This earlier posting reinforced that point with a photo of a big display of books in Waterstone’s Piccadilly, from which you can only tell that The Devil’s Dice is The Devil’s Dice when you crop out that one title from that bigger picture and blow it up, thus:

image

This illegibility effect is also all too evident in this photo, taken by Roz’s brother.

All of which means that this (this being the relevant Amazon link) is good news:

image

That’s the cover of the paperback version of The Devil’s Dice, which which will be available in January of next year.  Okay, it’s not a huge change, but putting the same orange lettering on a black background instead of a near white background is much more likely to get the attention of the fading-eyesight community, of which I am a member, and which is surely a quite large chunk of the public for crime fiction.  This is also the kind of thing that just might sway a decision about whether to put a book in a bookshop window display.

I bet I wasn’t the only one grumbling about that earlier hardback cover, and it would appear that the grumbling has had exactly the desired effect.

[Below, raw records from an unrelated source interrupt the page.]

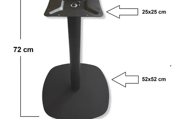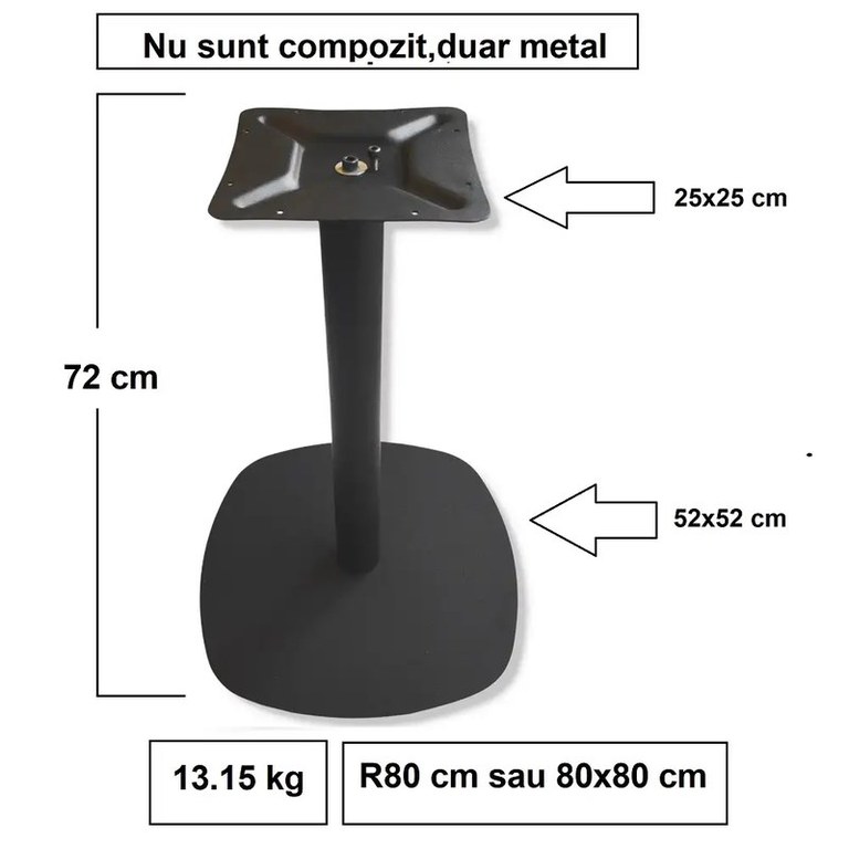 Picior pentru mese patrat sau rotund,80 cmBlad ideal : Φ60 cm ,Φ70 cm,Φ70 cm,Φ80 cm sau 60x60 cm, 70x70 cm,80x80 cmDimensiuni produs:Baza Metal : 52x52 cmTup median:Φ60 x 15 mm metal profilPlaca sup.: 250x250x2 mmBlad ideal : 600x600 mm - 700x700 mm,800x800 mm.Culoare: NegruDimensiuni suport suprafață: 25x25 cm.Dimensiuni bază: 52x52 cm.(4 mm placa metal)Înălțime bază: 72 cm.Dimensiuni tub: Φ60 x 15 mm metal profilTotal :13.15 kgBaza este potrivită pentru o suprafață de Φ70cm sau 70x70cm sau Φ80cm sau 80x80cm.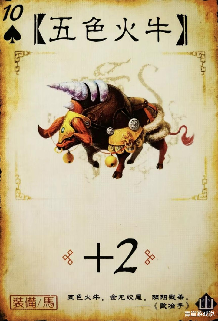 五色火牛,+2坐骑。普通的+1坐骑已经被玩家们誉为+1神马,那五色火牛这种+2呢?意味着其他人必须具有3攻击距离以上的武器才能碰得到你。五色火牛,它有纯粹的强力防御数值,是不得多的防御神器!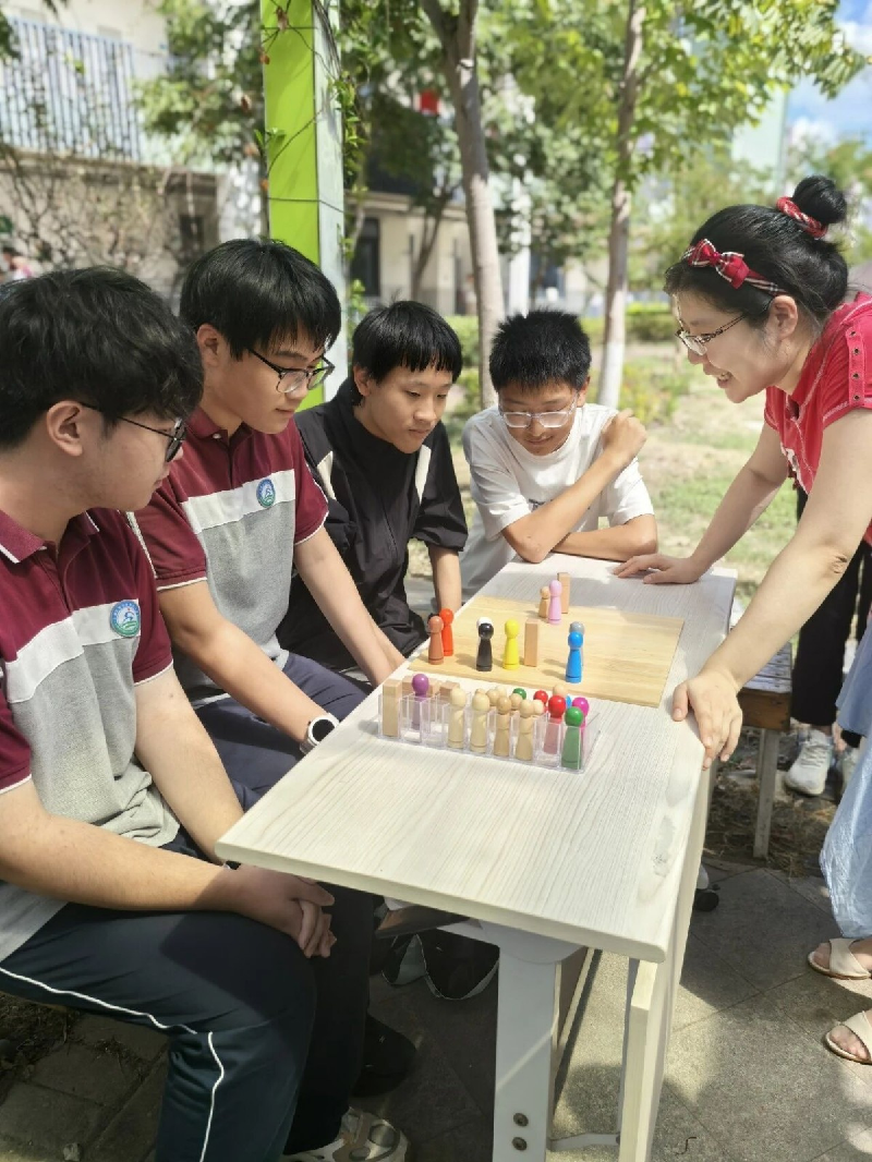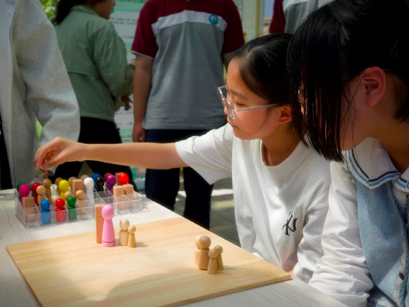 “心理格盘体验”活动以可爱木制人偶为核心道具,助力学生探索人际关系。学生在格盘上摆放代表自己与好友、同学、家人等人偶,通过调整人偶距离直观感受人际距离变化,分享内心感受时思考优化人际的方法。在与心理钱老师深度对话及挪动人偶的互动中,同学们重新体验家庭关系状态,尝试新视角塑造和谐联结。现场氛围热烈,大家也感受到人际交往中的温暖与力量。

I know little about book publishing, but I’m guessing that paperbacks are where the volume sales are, driven by those early glowing reviews (The Devil’s Dice got lots of glowing reviews) penned by the readers of the hardback version.  And from that volume comes the magic of a serious word-of-mouth wave.  Most readers are probably willing to wait a little in order not to have to devote scarce bookshelf space to great big chunks of cardboard, and for the sake of having something a bit easier to carry around.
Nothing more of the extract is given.